- The task -
Could you write out the records below exactly as they appear?
====
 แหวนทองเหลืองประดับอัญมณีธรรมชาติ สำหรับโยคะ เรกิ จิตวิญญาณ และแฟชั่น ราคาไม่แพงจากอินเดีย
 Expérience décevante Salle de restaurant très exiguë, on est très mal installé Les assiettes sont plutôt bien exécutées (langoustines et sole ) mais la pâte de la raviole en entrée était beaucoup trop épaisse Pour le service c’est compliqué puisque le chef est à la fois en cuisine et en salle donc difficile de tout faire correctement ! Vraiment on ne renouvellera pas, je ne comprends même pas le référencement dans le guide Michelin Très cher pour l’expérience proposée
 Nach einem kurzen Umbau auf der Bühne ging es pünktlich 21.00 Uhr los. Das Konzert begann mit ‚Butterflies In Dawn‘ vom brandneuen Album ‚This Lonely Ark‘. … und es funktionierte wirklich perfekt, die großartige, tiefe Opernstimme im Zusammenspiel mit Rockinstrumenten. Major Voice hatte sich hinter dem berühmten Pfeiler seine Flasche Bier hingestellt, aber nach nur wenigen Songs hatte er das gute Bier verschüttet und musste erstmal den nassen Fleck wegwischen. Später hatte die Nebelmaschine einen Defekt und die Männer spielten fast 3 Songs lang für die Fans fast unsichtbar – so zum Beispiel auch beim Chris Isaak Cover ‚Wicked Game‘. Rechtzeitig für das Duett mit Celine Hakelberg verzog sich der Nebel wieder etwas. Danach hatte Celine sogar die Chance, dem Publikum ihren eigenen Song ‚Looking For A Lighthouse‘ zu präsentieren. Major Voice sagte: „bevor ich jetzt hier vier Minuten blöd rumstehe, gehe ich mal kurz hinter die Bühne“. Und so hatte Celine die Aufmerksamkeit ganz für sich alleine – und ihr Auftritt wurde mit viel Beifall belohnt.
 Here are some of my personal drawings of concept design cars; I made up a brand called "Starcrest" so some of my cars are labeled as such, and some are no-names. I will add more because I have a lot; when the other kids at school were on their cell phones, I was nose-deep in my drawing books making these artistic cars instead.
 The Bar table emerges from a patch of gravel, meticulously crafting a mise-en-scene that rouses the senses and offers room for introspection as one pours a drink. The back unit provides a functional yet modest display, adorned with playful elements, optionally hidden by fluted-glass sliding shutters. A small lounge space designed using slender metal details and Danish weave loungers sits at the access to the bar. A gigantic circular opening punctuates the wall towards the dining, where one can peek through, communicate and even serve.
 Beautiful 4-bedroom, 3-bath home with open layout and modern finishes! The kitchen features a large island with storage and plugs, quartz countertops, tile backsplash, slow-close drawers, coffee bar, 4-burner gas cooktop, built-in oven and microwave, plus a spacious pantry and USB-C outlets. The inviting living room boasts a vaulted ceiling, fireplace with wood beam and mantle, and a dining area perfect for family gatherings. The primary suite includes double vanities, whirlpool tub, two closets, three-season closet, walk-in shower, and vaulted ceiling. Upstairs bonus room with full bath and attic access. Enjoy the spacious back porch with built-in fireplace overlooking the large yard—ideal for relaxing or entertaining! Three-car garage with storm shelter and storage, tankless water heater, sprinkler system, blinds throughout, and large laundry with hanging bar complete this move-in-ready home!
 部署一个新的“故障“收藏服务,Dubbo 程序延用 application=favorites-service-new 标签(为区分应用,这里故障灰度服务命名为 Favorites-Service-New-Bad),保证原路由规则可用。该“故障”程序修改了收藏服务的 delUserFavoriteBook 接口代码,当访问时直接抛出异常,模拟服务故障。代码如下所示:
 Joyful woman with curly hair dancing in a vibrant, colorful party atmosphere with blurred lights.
====
- Exercise output -
 แหวนทองเหลืองประดับอัญมณีธรรมชาติ สำหรับโยคะ เรกิ จิตวิญญาณ และแฟชั่น ราคาไม่แพงจากอินเดีย
 Expérience décevante Salle de restaurant très exiguë, on est très mal installé Les assiettes sont plutôt bien exécutées (langoustines et sole ) mais la pâte de la raviole en entrée était beaucoup trop épaisse Pour le service c’est compliqué puisque le chef est à la fois en cuisine et en salle donc difficile de tout faire correctement ! Vraiment on ne renouvellera pas, je ne comprends même pas le référencement dans le guide Michelin Très cher pour l’expérience proposée
 Nach einem kurzen Umbau auf der Bühne ging es pünktlich 21.00 Uhr los. Das Konzert begann mit ‚Butterflies In Dawn‘ vom brandneuen Album ‚This Lonely Ark‘. … und es funktionierte wirklich perfekt, die großartige, tiefe Opernstimme im Zusammenspiel mit Rockinstrumenten. Major Voice hatte sich hinter dem berühmten Pfeiler seine Flasche Bier hingestellt, aber nach nur wenigen Songs hatte er das gute Bier verschüttet und musste erstmal den nassen Fleck wegwischen. Später hatte die Nebelmaschine einen Defekt und die Männer spielten fast 3 Songs lang für die Fans fast unsichtbar – so zum Beispiel auch beim Chris Isaak Cover ‚Wicked Game‘. Rechtzeitig für das Duett mit Celine Hakelberg verzog sich der Nebel wieder etwas. Danach hatte Celine sogar die Chance, dem Publikum ihren eigenen Song ‚Looking For A Lighthouse‘ zu präsentieren. Major Voice sagte: „bevor ich jetzt hier vier Minuten blöd rumstehe, gehe ich mal kurz hinter die Bühne“. Und so hatte Celine die Aufmerksamkeit ganz für sich alleine – und ihr Auftritt wurde mit viel Beifall belohnt.
 Here are some of my personal drawings of concept design cars; I made up a brand called "Starcrest" so some of my cars are labeled as such, and some are no-names. I will add more because I have a lot; when the other kids at school were on their cell phones, I was nose-deep in my drawing books making these artistic cars instead.
 The Bar table emerges from a patch of gravel, meticulously crafting a mise-en-scene that rouses the senses and offers room for introspection as one pours a drink. The back unit provides a functional yet modest display, adorned with playful elements, optionally hidden by fluted-glass sliding shutters. A small lounge space designed using slender metal details and Danish weave loungers sits at the access to the bar. A gigantic circular opening punctuates the wall towards the dining, where one can peek through, communicate and even serve.
 Beautiful 4-bedroom, 3-bath home with open layout and modern finishes! The kitchen features a large island with storage and plugs, quartz countertops, tile backsplash, slow-close drawers, coffee bar, 4-burner gas cooktop, built-in oven and microwave, plus a spacious pantry and USB-C outlets. The inviting living room boasts a vaulted ceiling, fireplace with wood beam and mantle, and a dining area perfect for family gatherings. The primary suite includes double vanities, whirlpool tub, two closets, three-season closet, walk-in shower, and vaulted ceiling. Upstairs bonus room with full bath and attic access. Enjoy the spacious back porch with built-in fireplace overlooking the large yard—ideal for relaxing or entertaining! Three-car garage with storm shelter and storage, tankless water heater, sprinkler system, blinds throughout, and large laundry with hanging bar complete this move-in-ready home!
 部署一个新的“故障“收藏服务,Dubbo 程序延用 application=favorites-service-new 标签(为区分应用,这里故障灰度服务命名为 Favorites-Service-New-Bad),保证原路由规则可用。该“故障”程序修改了收藏服务的 delUserFavoriteBook 接口代码,当访问时直接抛出异常,模拟服务故障。代码如下所示:
 Joyful woman with curly hair dancing in a vibrant, colorful party atmosphere with blurred lights.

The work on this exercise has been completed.